#### INSTRUCTIONS TO FOLLOW:
An exact repeat is needed of the lines from the one with "На снимках: на" through the last line of the data below. Please omit the pictures.

Dataset items

_ _ _ _

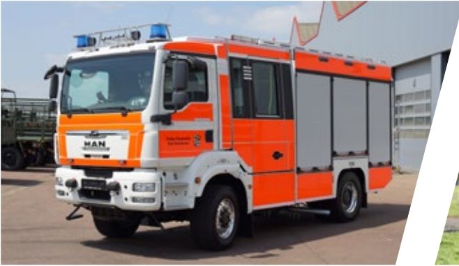
Löschgruppenfahrzeug für Katastrophenschutz, LF 20 Kat Pumper for civil protection
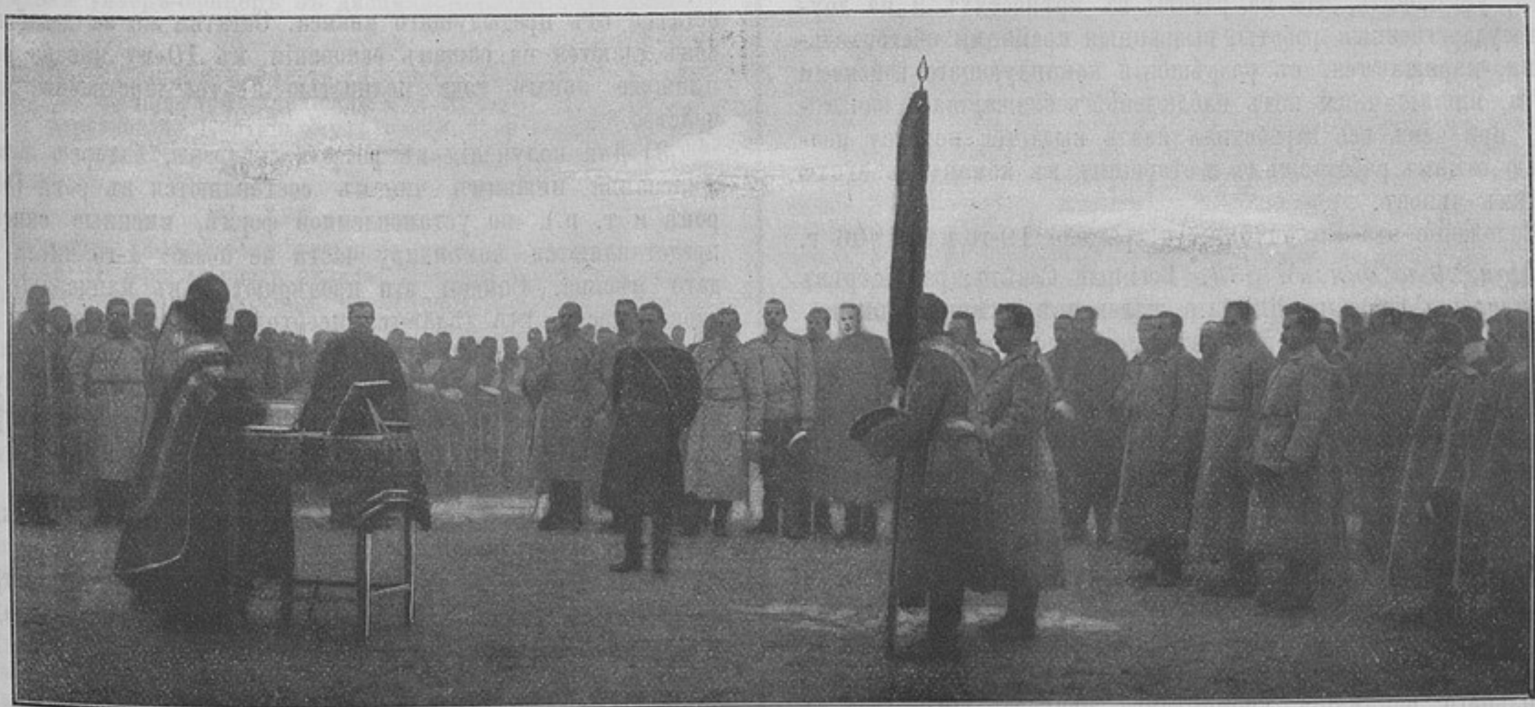
Напутственный молебенъ 11-му пѣх. Псковскому полку, передъ выступленіемъ въ походъ на зимнія квартиры, 15-го октября 1905 г. въ д. Салисипа.
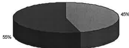
Правильно ли были расставлены свечки?
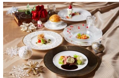
▲美女と野獣のクリスマスランチコース
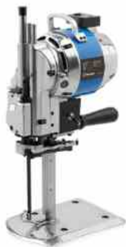
CORTADORA VERTICAL DE 6"- 12"
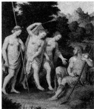
▲图 1-8 帕里斯的裁判 (16th century, Civic Museum, Udine, Italy)

还不是王子，权力、荣誉对他来说都无所谓，他真正渴望的是女人，真能打动他的就是女人。而且他是一个翩翩美少年，天生的情种和调情高手，阿佛罗狄忒的话深深地打动了他。仔细端详三位女神：赫拉女神雍容华贵、端庄秀美，但是太高傲；雅典娜女神英姿飒爽、冷艳逼人，可是太冷峻；只有阿佛罗狄忒女神仪态万方、风情无限，一顾倾人城，再顾倾人国。这样的美貌打动了帕里斯，他把金苹果放在了美神阿佛罗狄忒的手上，另外两位女神见状羞愤难当，拂袖而去。这就是所谓希腊神话中著名的“帕里斯的裁判”。
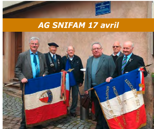
AG SNIFAM 17 avril
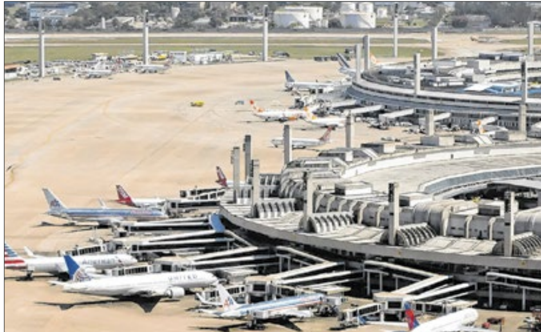
Daniel Basil-Gov Brasil-Wikipedia

Atualmente, o Galeão é controlado pela concessionária RIOGaleão, que conta com 49% de participação da Infraero, e pela Changi, de Cingapura, que detém os 51% restantes.
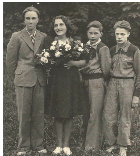
Ar 1. izlaiduma bērniem 1949. gadā
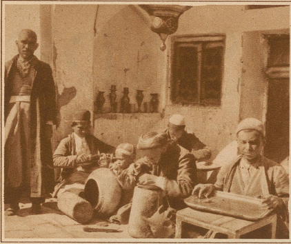
Bild links: Berühmt sind die Kupfer- und Messingschmiede in Ispahan. Man beachte den kleinen Künstler in der Mitte des Bildes

Gefäß, an dem er arbeitete, reichte ihm bis an das Kinn.
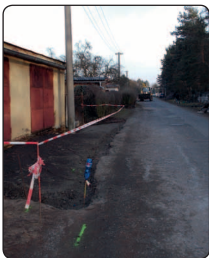
Zahájení prací v ulici Na Perkách na začátku února

V tomto článku bych se rád podrobněji věnoval úpravám komunikací, které probíhají na Sulkově. Jedná se zejména o úpravy ulic Na Pomezí a Na Perkách, včetně propojky těchto dvou ulic. Již koncem letošního teplého ledna zahájila stavební firma, vybraná v rámci výběrového řízení, stavební práce v ulici Na Perkách.
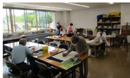
作品にとりかかる絵画コース
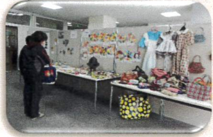
ミーティングルームに並ぶ作品
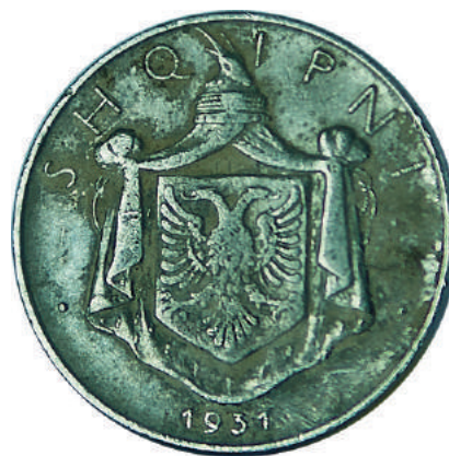
Sh. Stema mbretërore në qendër, shkrimi "SHQIPNI" përreth dhe viti i shtypjes në hark poshtë.
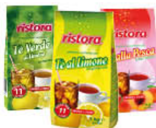
RISTORA THE LIOFILIZZATO PRONTO 1 KG
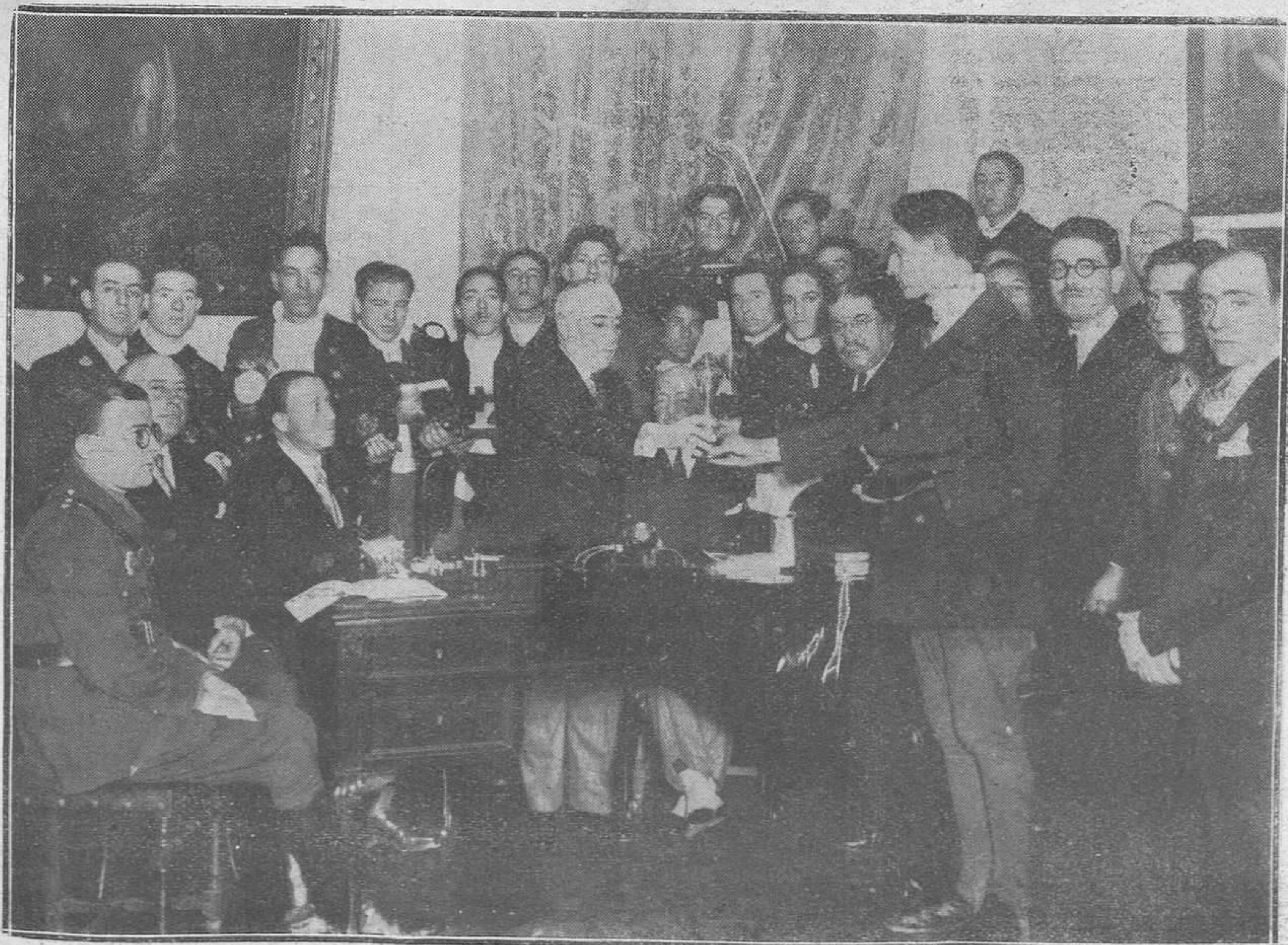
MADRID.-Reparto de premios del trofeo "Juventud Morales", organizado por la V Comisión de la Cruz Roja.

CUARENTA AÑOS DE ÉXITO REAL SIDRA ASTURIANA-(Cima-Extra) De l Excmo. Sr. D. José Cima Carcia.-Oviedo
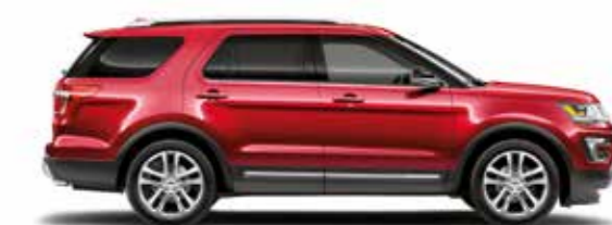
אדום לוהט מטאלי (RR)*
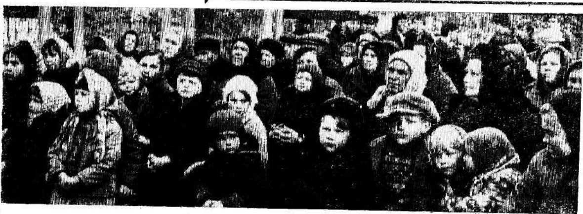
На снимках: на открытии агитплощадки на улице Чернышевского.
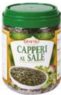
CAPPERI AL SALE KG 1 DEMTRA
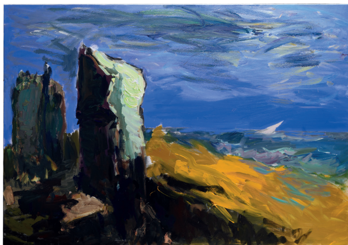
Patrice Giorda, Le Château des Hadleigh n°19 , acrylique sur toile, 114 x 162 cm, 2018

Nocturne jeudi 1 er juin jusqu'à 21h Chromatisme - une exploration de la couleur à Saint-Germain-des-Prés
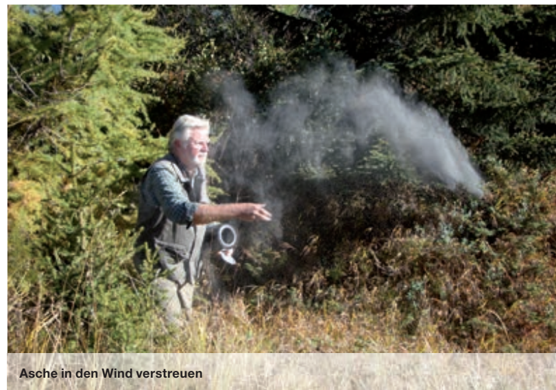
Asche in den Wind verstreuen
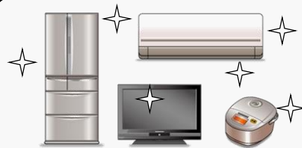
家電機器の購入に
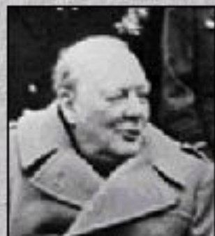
У. Черчилль (Великобритания)

_ _ _ _

#### WORKED SOLUTION:
На снимках: на открытии агитплощадки на улице Чернышевского.
CAPPERI AL SALE KG 1 DEMTRA
Patrice Giorda, Le Château des Hadleigh n°19 , acrylique sur toile, 114 x 162 cm, 2018

Nocturne jeudi 1 er juin jusqu'à 21h Chromatisme - une exploration de la couleur à Saint-Germain-des-Prés
Asche in den Wind verstreuen
家電機器の購入に
У. Черчилль (Великобритания)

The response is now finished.